Google Sheets techniques (Episode 2)

Contents
Introduction
Challenges of array formulas
Components of Map tab
The Map tab as a “Map” of the data
Why split the Inventory into two tabs?
Wow, it seems like a lot of work. Is it worth it?
How to build upon the template
Conclusion

Introduction

In our previous episode, we covered some techniques to improve performance and readability for Google Sheets that contain a lot of formulas. One of those techniques was the use of array formulas. However, array formulas do come with their own constraints to manage, and this episode will cover a solution to manage them: the Map tab. Feel free to make a copy the sample use case we’ll be covering from here.

In our example use case, we have a spreadsheet that helps compute the total value of an inventory of fruit in local currency. TThe spreadsheet consists of several tabs.

Inventory_Input: The data tab called that will contain data on fruits, with columns for the name of the fruits, the quantity, and the unit price of each fruit in USD
Interface: Our user interface tab, which contains a field for users to input a currency exchange number for USD to their local currency, and an output field computing the total value of the fruit inventory in local currency. This output field computes its output based on the data in “Inventory_Input” as well as the exchange rate input from the user
CALC_Inventory: A calculation tab which contains calculations
MAP: The Map tab, which we will go into more detail later on

Challenges of array formulas

When using array formulas to process data, there are two main ways to refer to the columns that we are using in our computations: full column ranges (eg A:A), or bounded ranges (eg A1:A1000). Each of them have different advantages and drawbacks. Full column ranges have a higher performance overhead, but will dynamically respond to the number of rows changing. Bounded ranges have a lower performance overhead, but by default do not respond dynamically to the number of rows changing.
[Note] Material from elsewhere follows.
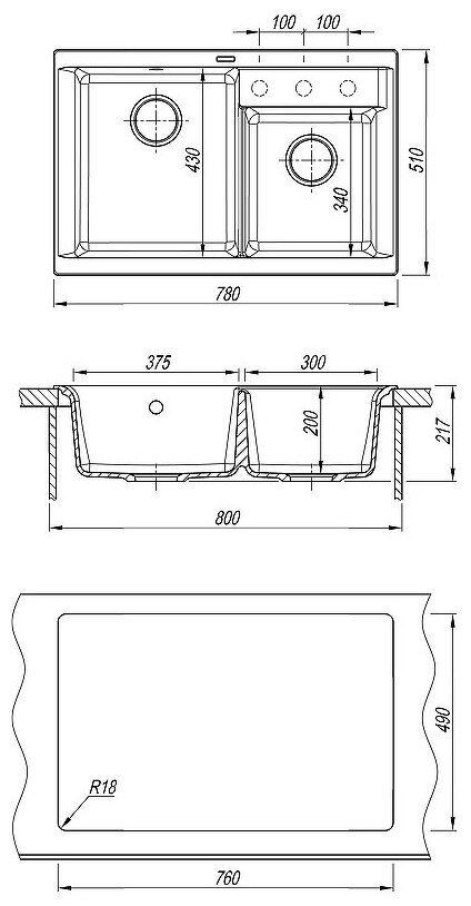 | Размеры врезного отверстия (накладная) | 755x475 мм |

When we have a large spreadsheet with many formulas and columns, it’s important that performance is manageable, and that maintenance is manageable (ie we do not have to manually update many formulas each time the size of the data changes). The Map tab aims to accomplish this.

Components of Map tab

The Map tab consists of several key components.

A row counter that counts the number of rows in a sheet
A column checker that returns the column letter of a given column
A string that concatenates sheet name, column, and rows to create a range string (eg Sheet1!A1:A10)
Nameranges that refer to the ranges strings in the tab

What the map tab is doing is reducing the number of time full column ranges are called in array formulas from “every time a column is referenced” to “once per data tab”. This drastically reduces the performance overhead while retaining the benefit of dynamically responding to varying number of rows. How does it accomplish this via each of the components? Let’s step through each of them to find out.

Row counting

=ARRAYFORMULA(
    MAX(
        IF(
            LEN(Inventory_Input!A:A),
            ROW(Inventory_Input!A:A),
            )
        )
    )

This row counting formula helps to find the maximum row in the input data tab that contains data. The row number returned will then be referenced by other formulas to generate bounded range strings without having to each utilise a full column range reference.

Column checker

=REGEXEXTRACT(
    ADDRESS(
        1,
        COLUMN(Inventory_Input!A$1)
        ),
    "[A-Z]+"
    )

This formula extracts the column letter of a given column. The reason why we formularise this instead of entering a letter like “A” directly is to allow the column reference to shift left or right if we insert or delete columns. For example, if a column was inserted to to left of column A, our example reference above would start returning B instead of A. This implementation helps to reduce the maintenance needed as we expand our spreadsheet.

Creating a range string

=CONCATENATE(
    "'",
    $B$6,
    "'!",
    B9,
    $B$3,
    ":",
    B9,
    $B$4
    )

This formula concatenates the sheet name, column letter, and row numbers together into a range string that we can use in formulas. As the number of data rows or the columns change, the row counter and column checkers will update, and update this range string accordingly, allowing us the benefit of increased performance of bounded column ranges for our array formulas, while managing the downside of maintenance overhead.

Nameranges

As is good practice, we give each of our ranges a name to refer to them by. It’s much easier to understand what INDIRECT(MAP_INVENTORY_QTY) * INDIRECT(MAP_INVENTORY_UNITPRICE_LOCAL) means, compared to INDIRECT(MAP!C10) * INDIRECT(MAP!C17).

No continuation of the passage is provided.